На следующий день, 19 апреля, грузовик с бомбой, изготовленной Тимоти Маквеем и Терри Николсом, взорвал федеральное здание в Оклахома-Сити, в результате чего погибли 168 человек. Клинтон прилетел в Оклахому и произнёс трогательную речь на поминальной службе, тем самым укрепив своё политическое положение. Затем под руководством Дика Морриса он устроил политическое возвращение, основанное на «триангуляции». Это была стратегия, продиктованная внимательным отношением к опросам общественного мнения, которая позволила ему позиционировать себя как разумную, умеренную альтернативу на вершине треугольника, двумя другими основаниями которого были либерал и консерватор. В июне Клинтон удивил (и огорчил) многих либеральных демократов в Конгрессе, призвав к снижению налогов для среднего класса и сбалансированному бюджету в течение десяти лет.

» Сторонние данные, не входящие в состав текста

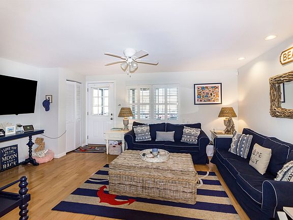 Wonderful opportunity! This Village Green Quad is upgraded, well-maintained and ideally located (the street facing unit). Just 7 short blocks from the beaches and close to the Marina business district. Highlights of unit include recently painted interior, plantation shutters on windows, and newer appliances (washer, dryer, refrigerator, dishwasher). This special Quad features screened, enclosed front porch including a hideaway screen door on the front entry door. Outside has been professionally landscaped including irrigation system, paver walkway, ample fenced-in patio area, plus outdoor shower with 2 heads and an expansive shed which can hold a golf cart. The crawlspace has been encapsulated. This unit is tastefully furnished, and some furnishings are negotiable, which would make the transition easy!

Клинтон уделил особое внимание вопросам, связанным с культурными ценностями. Апеллируя к широкой середине американского мнения, он посетовал на эскалацию насилия в телевизионных шоу (не добиваясь более жесткого регулирования, которое могло бы возмутить либеральных друзей из Голливуда). Призвав к изучению роли религии в школах, он пресек попытки республиканцев принять поправку к конституции, разрешающую молитвы в государственных школах. Он вновь заявил о своей поддержке жестких мер полиции по борьбе с преступностью и кампаний по борьбе с курением среди подростков. В июле он укрепил свои позиции среди либералов и представителей меньшинств — в частности, среди потенциальных политических соперников, таких как Джесси Джексон, — заявив о своей неизменной решимости бороться с расовой дискриминацией в сфере занятости. В то же время Клинтон успокоил правых противников, выступив против расовых квот. «Поправьте её», — сказал он о позитивных действиях, — «но не прекращайте её». Опросы показали, что его позиция устраивает большинство белых и чернокожих. На время гневные споры по поводу позитивных действий немного утихли.